Il faut à cet égard souligner que pour son fonctionnement, le secteur des transports est dépendant à 96% des produits pétroliers. Ceci constitue un facteur important de vulnérabilité et explique la forte contribution du secteur aux émissions de polluants issus de la combustion de produits pétroliers. C'est également vrai pour les émissions de gaz à effet de serre.

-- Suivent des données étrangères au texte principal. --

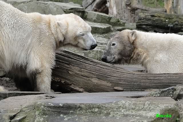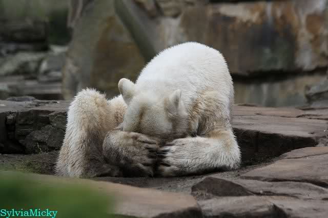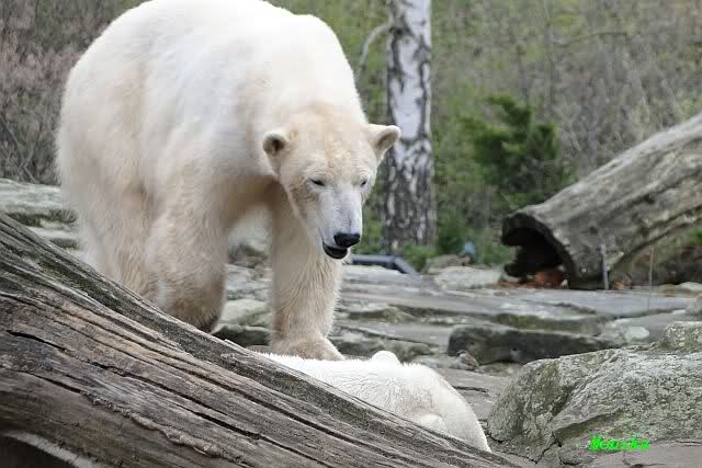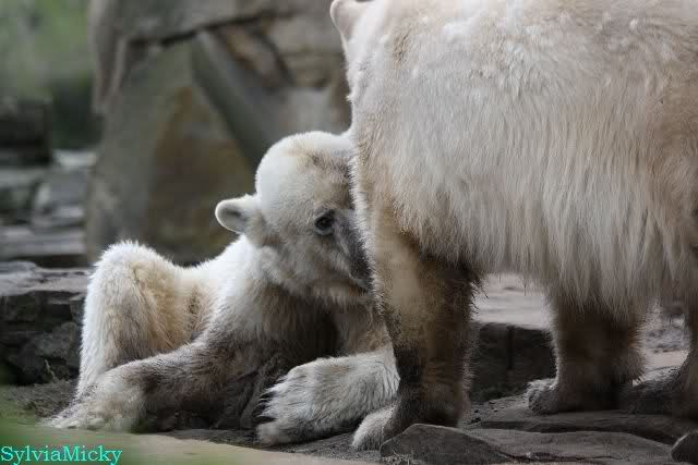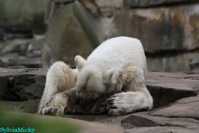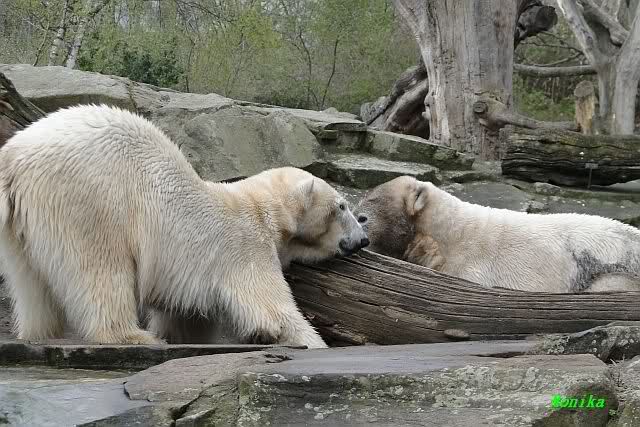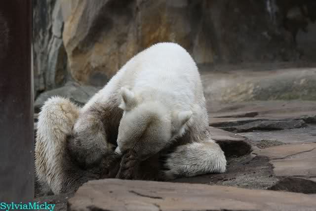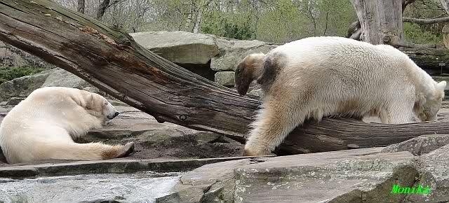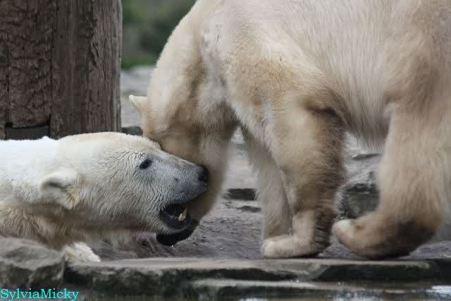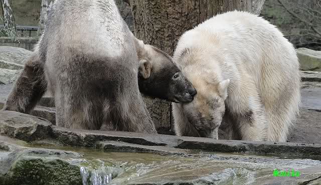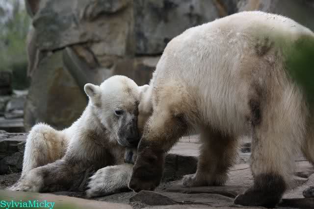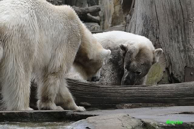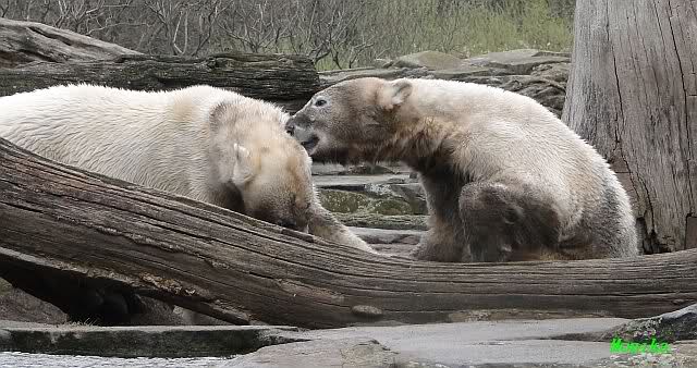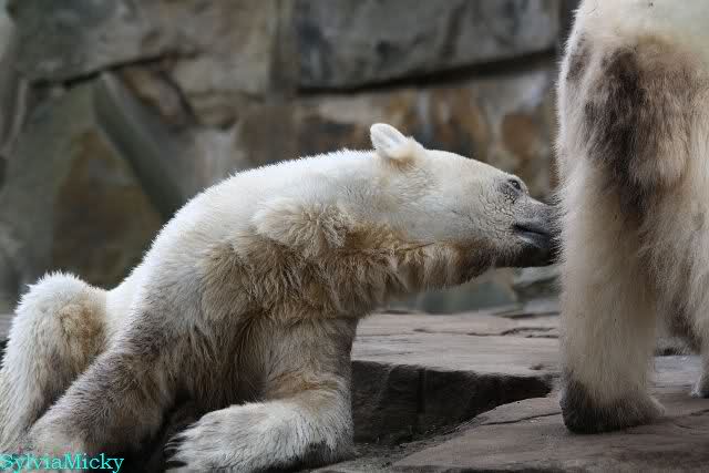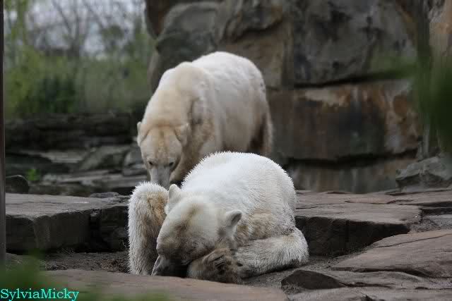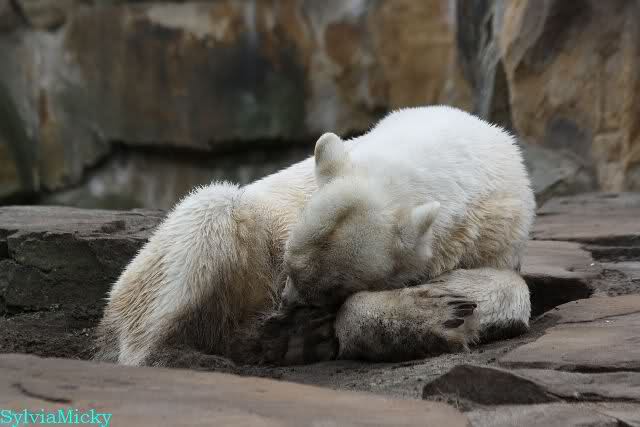 Danke für die heutige Fotoausbeute der Bärchen. Sind die wieder gut getroffen. Armer Knut, er hat aber auch keine Zeit für die Mittagsruhe. Gianna ist eben immer dabei, und stört ihn bei seinem Schönheitsschlaf.

Le secteur des transports est le premier émetteur de gaz carbonique (27% des émissions en France des émissions de gaz à effet de serre, 35% des émissions de CO2). Là encore, la route est le principal mode incriminé. Des progrès techniques, conjugués à une réglementation de plus en plus restrictive ont pourtant permis de rendre les véhicules moins consommateurs et moins polluants. Des accords volontaires ont par exemple été signés entre la Commission européenne
et les constructeurs automobiles pour diminuer sensiblement les consommations unitaires des véhicules (et par conséquent les émissions de gaz carbonique qui sont liées). De même, tous les 4 ou 5 ans, de nouvelles normes européennes (Euro 3, Euro 4) révisent à la baisse les seuils d'émissions des principaux polluants.

Tous ces efforts ne sont cependant pas suffisants. En effet, les véhicules consomment moins et polluent moins, mais la responsabilité du secteur des transports en matière de dégradation de l'environnement n'en reste pas moins importante. En fait, la diminution des consommations et émissions unitaires des véhicules est compensée par l'accroissement très fort des trafics routiers. Si rien n'est fait pour infléchir la tendance, cet accroissement devrait se poursuivre au cours des prochaines
décennies, ôtant toute possibilité à la France de respecter ses engagements internationaux en matière d'émissions de gaz à effet de serre et de pollutions transfrontières. Quelles que soient les perspectives en matière technologique, il est donc aussi nécessaire d'agir sur les trafics urbains et interurbains pour réguler leur croissance. C'est naturellement celle des trafics routiers qu'il faut tenter d'infléchir et pour cela, deux options sont envisageables : "Transporter moins", en réduisant les volumes de trafic (le nombre de déplacements, les distances parcourues, etc.). "Transporter mieux" en favorisant un report des trafics routiers vers les modes moins polluants (ferroviaire, fluvial, transports collectifs). C'est dans cette optique que se placent les actions de l'ADEME en matière de transport.